Andrew Blais [an old friend and former student, whose fine doctoral dissertation I directed], nudges me to post something about charter schools. My familiarity with the subject, which is shallow and quite recent, comes from a session of my doctoral seminar on "Normative Dimensions of Public Policy," which I am teaching this semester in the graduate program of the Public Policy Department at UNC Chapel Hill. The first of what will be six two-hour seminar presentations by pairs of students in the seminar was devoted to the subject of charter schools, and in preparation for the session all of us in the seminar read several essays and chapters from books set us by the two students presenting.
The charter school movement, which now enrolls more than a million students in almost five thousand schools nation-wide, grew out of critiques mounted both from the left and from the right of the traditional public schools in which America's children have been educated for several centuries now. From the left came a demand for community control of what were until then centrally run city school systems, as well as a call from Albert Shanker, the progressive head of the New York City teachers' union, for small-scale experimentation. From the right came calls for privatization, the introduction of market mechanisms via a voucher system, and the breaking of the teachers' unions, as well as for an assortment of religiously based revisions to the curriculum [such as the excision of any mention of evolution, the blanchissement of American history, the enshrining of the Christian God in a position of prominence, and so forth.]
A variety of reforms or experiments have been proposed and tried, among them making classes smaller, making schools smaller, lengthening the school day, and lengthening the school year. The principal impetus for all this churning about is the comparative standing of American school children in international measures of competency in math, science, and language arts. One response to all of this by the federal government has been to mandate testing of school children repeatedly, roughly on the theory that if a patient has a fever, the best medicine is to take the temperature repeatedly. The subject of testing is too large to be discussed here, and is obviously worth a full-scale post of its own.
A large amount of foundation money has been poured into the charter school experiment, including some very large donations by the Bill and Melinda Gates Foundation and several others. I think it is fair to say that driving the movement is a deep-seated hostility to traditional schools and teachers, coupled with the conviction that smart, innovative businessmen and women ought to be able to run schools better than moss-backed career educationists comfortably nestled in tenured sinecures. [Am I too blatantly revealing my sympathies here?]

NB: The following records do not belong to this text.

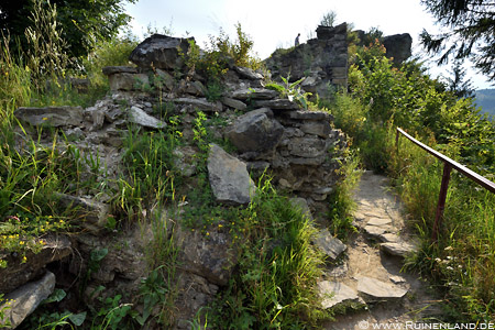 Reise-Recherche unweit der Burg unbekannte Ruinen im Wald entdeckt, die wir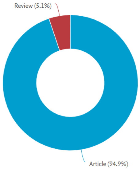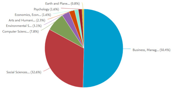 The most active funding sponsors are based in Spain and China. As far as the types of document are concerned, 94.9% are articles, while the remaining (marginal) part (5.1%) are classified as reviews by Scopus (see Figure 6). Regarding the subject area, more than half (50.4%) of the documents pertain to the business, management, and accounting areas; 32.6% can be ascribed to the wide social sciences area, and the rest can be prevalently classified into the computer science (7.8%) and environmental sciences (3.1%) areas (see Figure 7).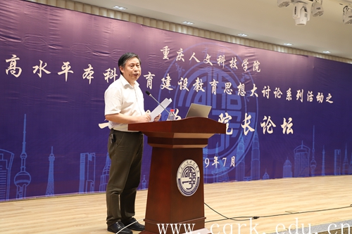7月3日,Beat365在图书馆报告厅举行首届高水平本科教育建设思想大讨论系列活动之二级学院院长论坛,重庆市教育委员会民办教育处处长陈定一、重庆市教育委员会学生处处长刘宏伟、重庆师范大学副校长杨如安、西南大学校长助理周光明、Beat365官方网站高级顾问何向东应邀出席活动并担任专家评委,学校全体在家校领导,各职能部门主要负责人、各二级学院主要党政领导、全校副科级以上干部观摩了此次论坛。论坛活动由副校长孙敏主持。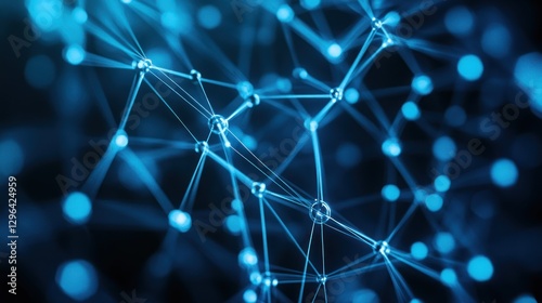 Abstract blue network nodes, connections, dark background, digital tech concept

Charter Schools are privately run schools, "chartered" by the state and supported by funds that would otherwise be spent on educating the same children in public schools. The charter schools are liberated from the supposed tyranny of the teachers' unions, and are free to adopt innovative curricula and teaching methods and any other ideas that the traditional schools are thought to be too hidebound and encrusted with bureaucratic barnacles to try.

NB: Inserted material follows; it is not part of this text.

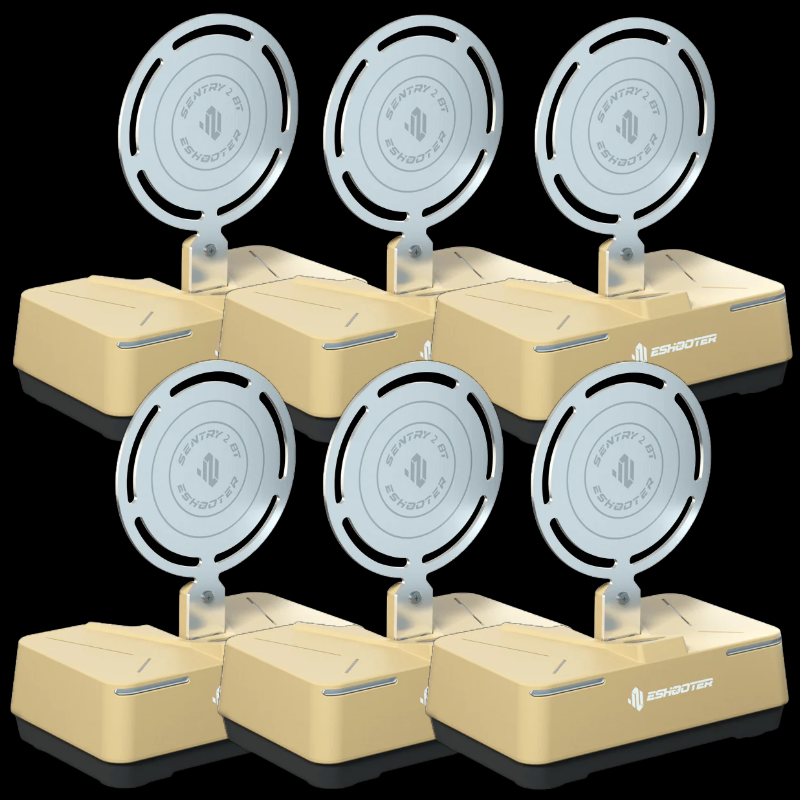 The Sentry 2 BT Wireless Target with Bluetooth & app integration! Connect to the Eshooter app for exciting shooting games, performance tracking, and target customization. Take training to the next level with interactive challenges and competitions. The same durability as Sentry 2, withstands 10,000+ airsoft shots and auto-resets.

The charter schools have certain obvious advantages, the most important of which is that they are not required by law to accept every child in a neighborhood. Nor are charter school entrepreneurs required to maintain schools in every neighborhood in a city. In addition, the children enrolled in charter schools are there because their parents chose to put them there, and that implies a level of concern for education that would, one might suppose, constitute a sort of positive self-selection process resulting in better outcomes for the children.
One of the readings set by Casey Megan and Lisa Spees, the two students responsible for the presentation, was a report by the Center for Research on Education Outcomes [CREDO] located at Stanford University of a 2009 study called "Multiple Choice: Charter School Performance in 16 States." The structure of the study strikes me as really quite brilliant, and I want to take a little time to explain it as well as I can.

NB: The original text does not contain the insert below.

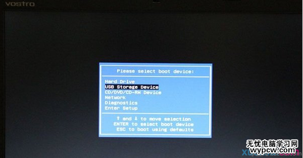 同樣是在電腦重啟或者開機進入標志界面的時候,我們立即按鍵盤上的F12鍵,之后將進入如下快捷啟動項設置界面,這里我們直接選擇第二項“USB Storage Device(有些直接顯示插入筆記本的U盤名稱,總是是含有USB字樣的這項)”,選中后,我們直接按Enter(回車鍵),之后即可進入U盤啟動界面了。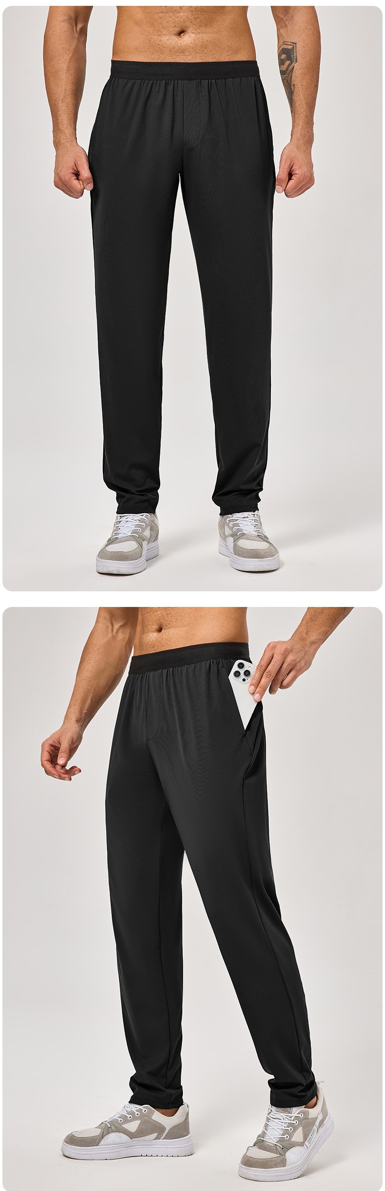 Omi Apparel Limited’s men’s sports pants: loose straight fit with great draping. High elastic, breathable, quick-dry—ideal for fitness, training & running. Factory-direct bulk customization, blending comfort and functionality for casual & sports scenes.

There are two points that we must begin with. First, what really matters is what is called the "value added" effect of charter schools, which is to say how much improvement in student learning they accomplish, as measured by standard state-wide tests, compared to what students would have learned in the traditional public schools, had they stayed there rather than transferring to the charter schools. Now, this is asking a counterfactual question: What would the students have learned if, contrary to fact, they had stayed in the traditional schools. Since it is impossible to rewind history so as to run the students through both kinds of schools, the challenge is to come up with some way of answering the question.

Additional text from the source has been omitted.